Сначала он ничего не понял. Совсем ничего.
Картинка дергалась, камера то выхватывала отдельные куски, то уплывала куда-то в сторону, качество было плохое, звук еще хуже. Сплошной треск, сквозь который временами прорывался то тяжелый, на грани инфразвука, гул, то крики, то отдельные, непонятные слова.
Дымили какие-то бочки, заволакивая все густым тяжелым дымом. Перегородив часть дороги, горела машина странной конструкции. Ветер на мгновение развеял дым, и Борис с удивлением опознал в ней БМП. Еще несколько таких же стояло на дороге. Плотно, одна за другой. Камера опять дернулась, переключившись на широкую панораму, и стало видно, что дорога, сколько хватает глаз, забита техникой: БТРы, БМП, крытые брезентом машины, танки. Все это гудело, урчало, тряслось, выбрасывая в воздух клубы выхлопных газов.
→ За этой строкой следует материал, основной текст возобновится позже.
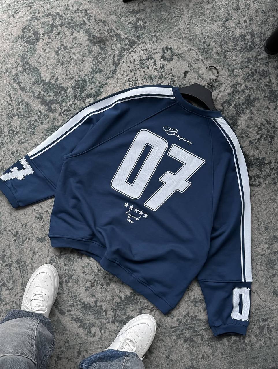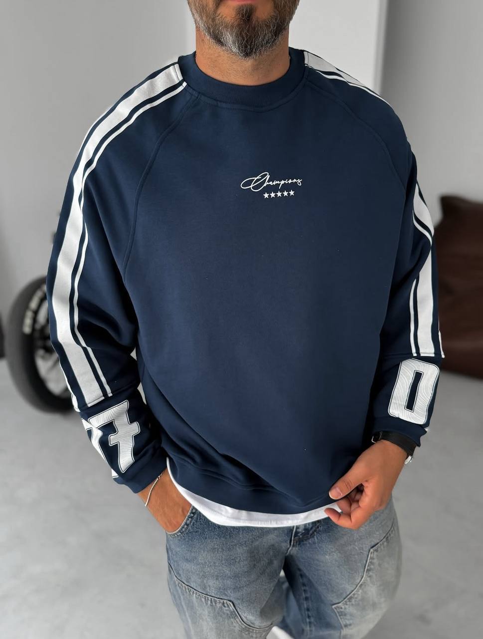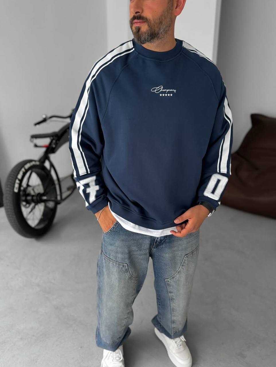Чоловічий Синій Світшот Реглан Оверсайз з Лампасами та Принтом Номером на Спині

В левом углу экрана наметилось какое-то движение, и камера стремительно — закружилась голова — повернулась, ловя это движение в фокус. К дымящему БТРу медленно подошел танк с повернутой вбок башней. Немного подтолкнул БТР, отодвинулся, вновь подтолкнул. Наконец, танк примерился, взревел и, выпустив густое облако дыма, резко двинул вперед. Транспортер под чудовищным напором легко развернулся, подвинулся к краю дороги, наклонился. На секунду завис и легко соскользнул вниз на обочину. Колеса медленно вращались, дым на секунду прекратился и повалил с новой силой, сумрак осветили языки пламени.
Машины, стоящие на дороге, одновременно плюнули выхлопами — картинка стала совсем темной — и медленно двинулись вперед. Тяжелый гул усилился.